(ASSIGNED TASK):
Could you return all of the entries word for word, minus any pictures?

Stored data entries
☆ ☆ ☆ ☆ ☆ ☆ ☆

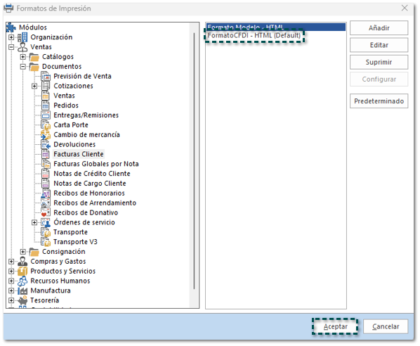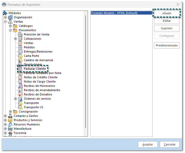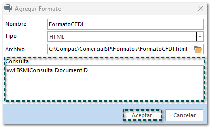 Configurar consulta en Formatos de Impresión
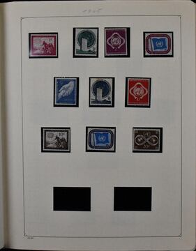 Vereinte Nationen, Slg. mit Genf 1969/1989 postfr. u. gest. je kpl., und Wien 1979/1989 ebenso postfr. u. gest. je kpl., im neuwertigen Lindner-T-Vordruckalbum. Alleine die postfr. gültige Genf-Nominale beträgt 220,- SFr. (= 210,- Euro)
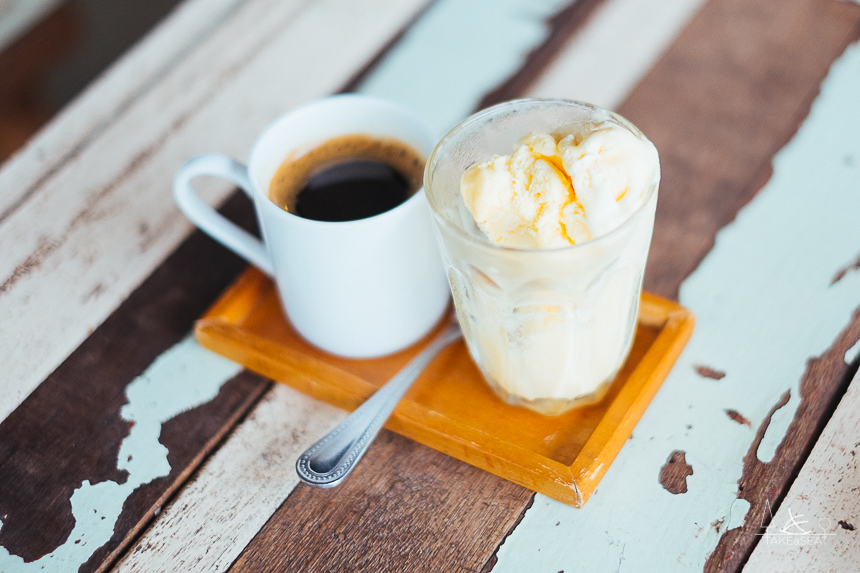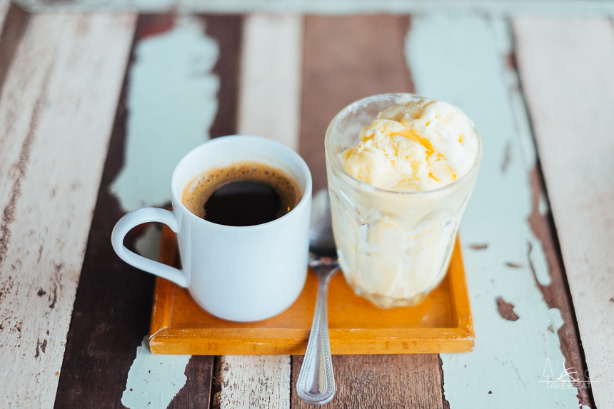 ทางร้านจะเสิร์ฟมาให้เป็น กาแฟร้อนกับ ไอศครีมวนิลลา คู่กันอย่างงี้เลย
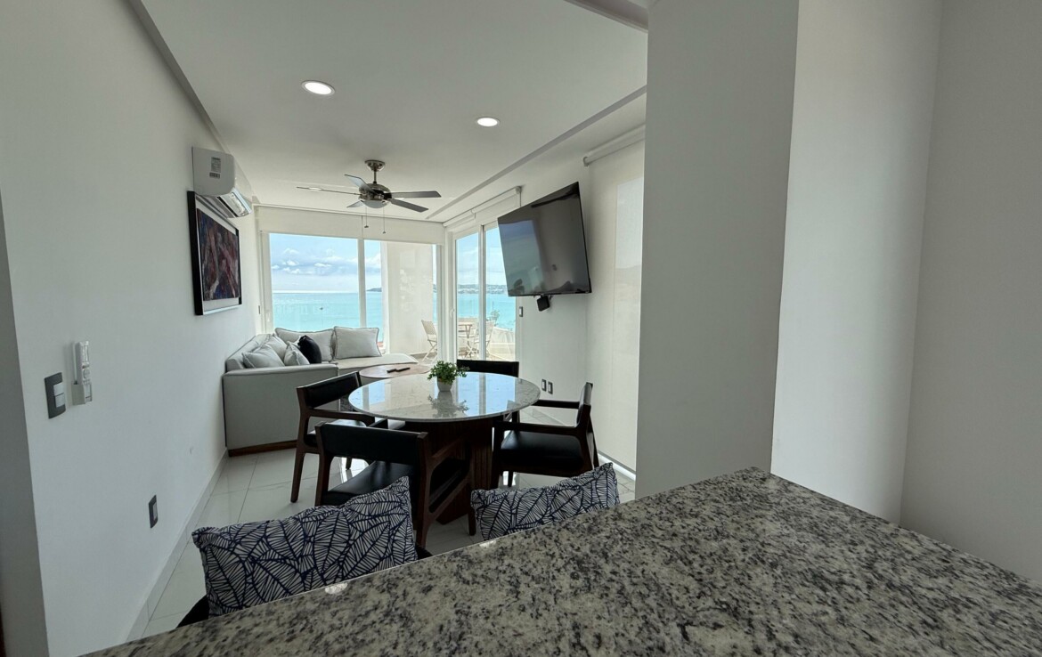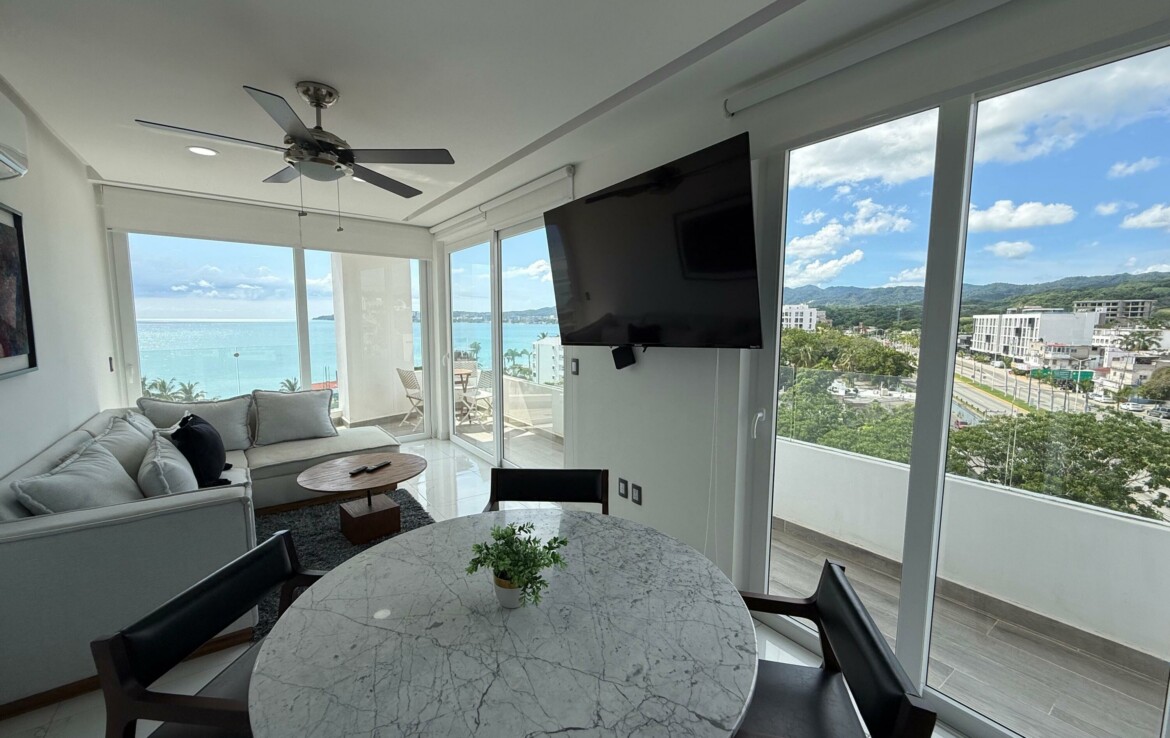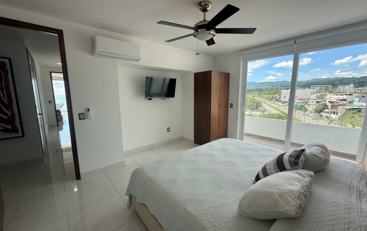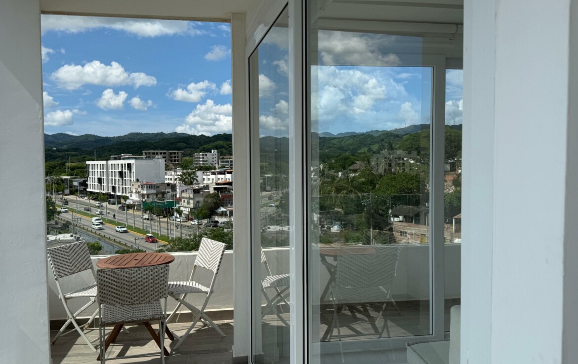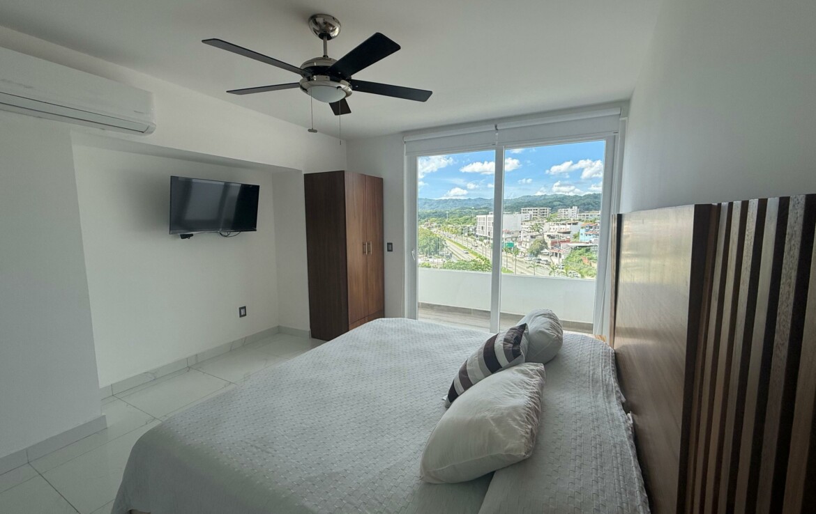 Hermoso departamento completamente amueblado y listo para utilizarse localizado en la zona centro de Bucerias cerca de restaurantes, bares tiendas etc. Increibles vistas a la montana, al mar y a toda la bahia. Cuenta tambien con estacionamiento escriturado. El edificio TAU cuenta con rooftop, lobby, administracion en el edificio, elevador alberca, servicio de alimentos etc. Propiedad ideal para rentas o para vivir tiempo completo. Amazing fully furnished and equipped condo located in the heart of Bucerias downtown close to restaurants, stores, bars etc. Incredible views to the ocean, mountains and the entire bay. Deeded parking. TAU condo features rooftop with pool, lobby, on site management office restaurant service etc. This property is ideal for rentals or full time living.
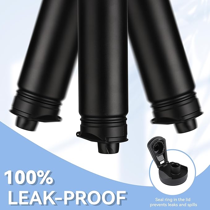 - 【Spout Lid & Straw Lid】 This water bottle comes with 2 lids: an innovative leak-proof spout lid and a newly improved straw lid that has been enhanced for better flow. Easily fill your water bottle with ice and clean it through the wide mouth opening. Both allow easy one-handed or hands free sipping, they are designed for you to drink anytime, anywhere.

☆ ☆ ☆ ☆ ☆ ☆ ☆

(RESPONSE TO THE TASK):
 Configurar consulta en Formatos de Impresión
 Vereinte Nationen, Slg. mit Genf 1969/1989 postfr. u. gest. je kpl., und Wien 1979/1989 ebenso postfr. u. gest. je kpl., im neuwertigen Lindner-T-Vordruckalbum. Alleine die postfr. gültige Genf-Nominale beträgt 220,- SFr. (= 210,- Euro)
 ทางร้านจะเสิร์ฟมาให้เป็น กาแฟร้อนกับ ไอศครีมวนิลลา คู่กันอย่างงี้เลย
 Hermoso departamento completamente amueblado y listo para utilizarse localizado en la zona centro de Bucerias cerca de restaurantes, bares tiendas etc. Increibles vistas a la montana, al mar y a toda la bahia. Cuenta tambien con estacionamiento escriturado. El edificio TAU cuenta con rooftop, lobby, administracion en el edificio, elevador alberca, servicio de alimentos etc. Propiedad ideal para rentas o para vivir tiempo completo. Amazing fully furnished and equipped condo located in the heart of Bucerias downtown close to restaurants, stores, bars etc. Incredible views to the ocean, mountains and the entire bay. Deeded parking. TAU condo features rooftop with pool, lobby, on site management office restaurant service etc. This property is ideal for rentals or full time living.
 - 【Spout Lid & Straw Lid】 This water bottle comes with 2 lids: an innovative leak-proof spout lid and a newly improved straw lid that has been enhanced for better flow. Easily fill your water bottle with ice and clean it through the wide mouth opening. Both allow easy one-handed or hands free sipping, they are designed for you to drink anytime, anywhere.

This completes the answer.